How home chats became our digital ghetto

How home chats became our digital ghetto 2

We were once promised that the latest technologies would free up humanity's time for high art, philosophy, and flights to other galaxies. Instead, we got home chats. This is a strange digital ghetto where people who were previously united only by a shared elevator and a reluctant nod in the morning now have a 24-hour platform to demonstrate their crises, informs Ukr.Media.

Lawyers say that home chat is now equated to a public place, and for insulting there you can get a very real fine. In my opinion, you should be fined for the very idea of adding people there without their notarized consent. I have long made it a rule to put any mass correspondence on eternal silent mode so as not to shake my nervous system once again. But acquaintances from time to time bring such messages from there that you involuntarily begin to doubt the adequacy of Darwin's theory.

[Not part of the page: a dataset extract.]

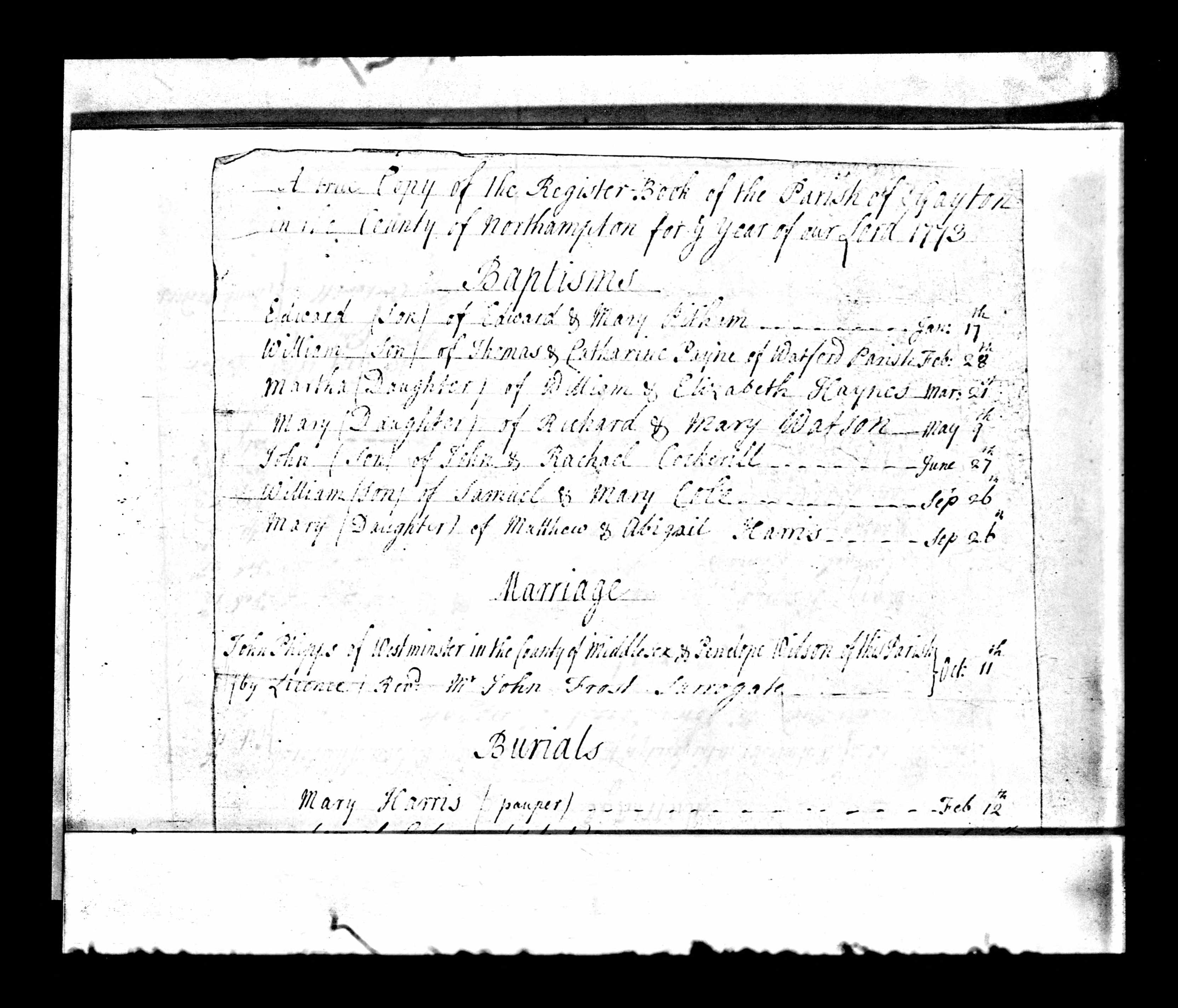Bishop's Transcripts for the Diocese of Peterborough, England; Baptism entry for Edward Pitham, Gayton, 17 Jan 1773.

Here, for example, is a classic story that roams megacities. A perfectly decent house, adults with higher educations. The management company warns in advance about a planned power outage from nine to twelve. Naturally, at nine o'clock five, the chat explodes with questions “where did the electricity go?”. This is normal, we are all too lazy to read the ads. But then the thriller begins. Someone writes in a panic: “Neighbors, what's wrong with the gas? It's hissing, it stinks, but it's not burning! I've already called the emergency services!”.

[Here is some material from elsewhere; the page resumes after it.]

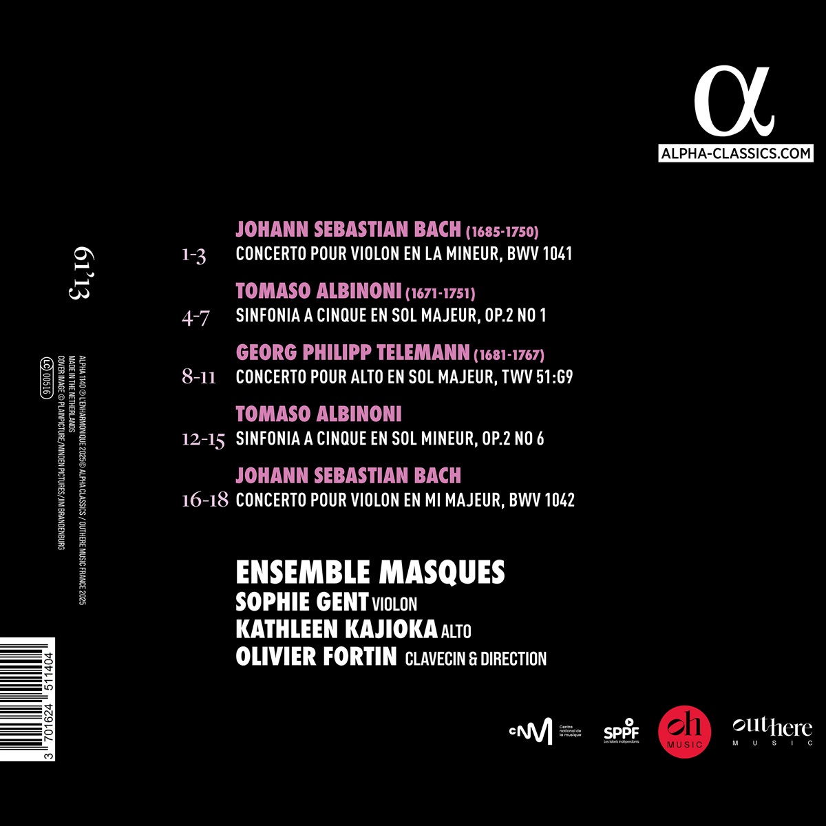 „Wir wollten schon lange die Violinkonzerte von Bach mit Sophie Gent aufnehmen, die seit 2003 zum Ensemble Masques gehört“, sagt Olivier Fortin, Cembalist und Gründer des Ensembles, das sich mit großer Leidenschaft der Barockmusik widmet. „Sophie ist eine außergewöhnliche Musikerin mit einem äußerst überzeugenden, ehrlichen und unprätentiösen Stil“. Eine weitere Stütze des Ensembles ist Kathleen Kaji, die Solistin von Telemanns Bratschenkonzert in diesem Programm. „Telemann ist ein fantastischer Geschichtenerzähler“, sagt sie, "er liefert eine Handlung, Charaktere, Kostüme und Requisiten - und überlässt es Ihnen, das alles zusammenzufügen". Die Sinfonien von Albinoni verbinden die Konzerte und stellen jeden Musiker des Ensembles ins Rampenlicht.

A little later, a large-scale tragedy is revealed: there is no light, the automatic piezo ignition on the expensive hob does not click, and the concept of a regular match or lighter has been erased from memory as an atavism. On the one hand, it is funny. And on the other, it becomes a little uncomfortable from the realization that we live in concrete boxes next to such people.

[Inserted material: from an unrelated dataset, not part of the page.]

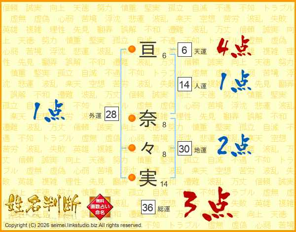 生活面を象徴する運勢です。外部から受ける影響力を表し、結婚運、家庭運や職場、環境への順応性を表します。総運から人運を引いた画数。姓や名が1文字の場合を除く。

Or another interesting phenomenon – the total delegation of the instinct of self-preservation. Chats have corrupted us with the illusion that there is an all-powerful “Admin” somewhere. A light bulb burns out – we write to the admin, a puddle on the stairs – the admin will sort it out. But when a garbage container catches fire in the yard, and a person, instead of dialing 101, takes a photo of the flame, throws it into the chat and writes: “Admin, the garbage container is on fire, call the firefighters”… This is already a kind of terminal stage of infantility. It seems that just a little longer, and requests will fly into the same chat: “Admin, order me a coffee” or “Admin, tell my wife that I am filing for divorce, because I am somehow uncomfortable.”

And a separate genre of urban photography, which colleagues regularly talk about. This is a macro shot of dog excrement on the lawn with an accompanying question for a hundred apartments: “Whose dog did this?” Obviously, the author of the shot sincerely hopes that someone will now enter the chat, conduct a thorough visual examination, recognize the author's style of his Yorkshire Terrier and publicly repent.

It seems like these chat rooms were created so that we could quickly solve minor problems and live in comfort. But in reality, we got an endless reality show that proves every day: the more tools we have for communication, the more difficult it is for us to simply coexist peacefully and quietly.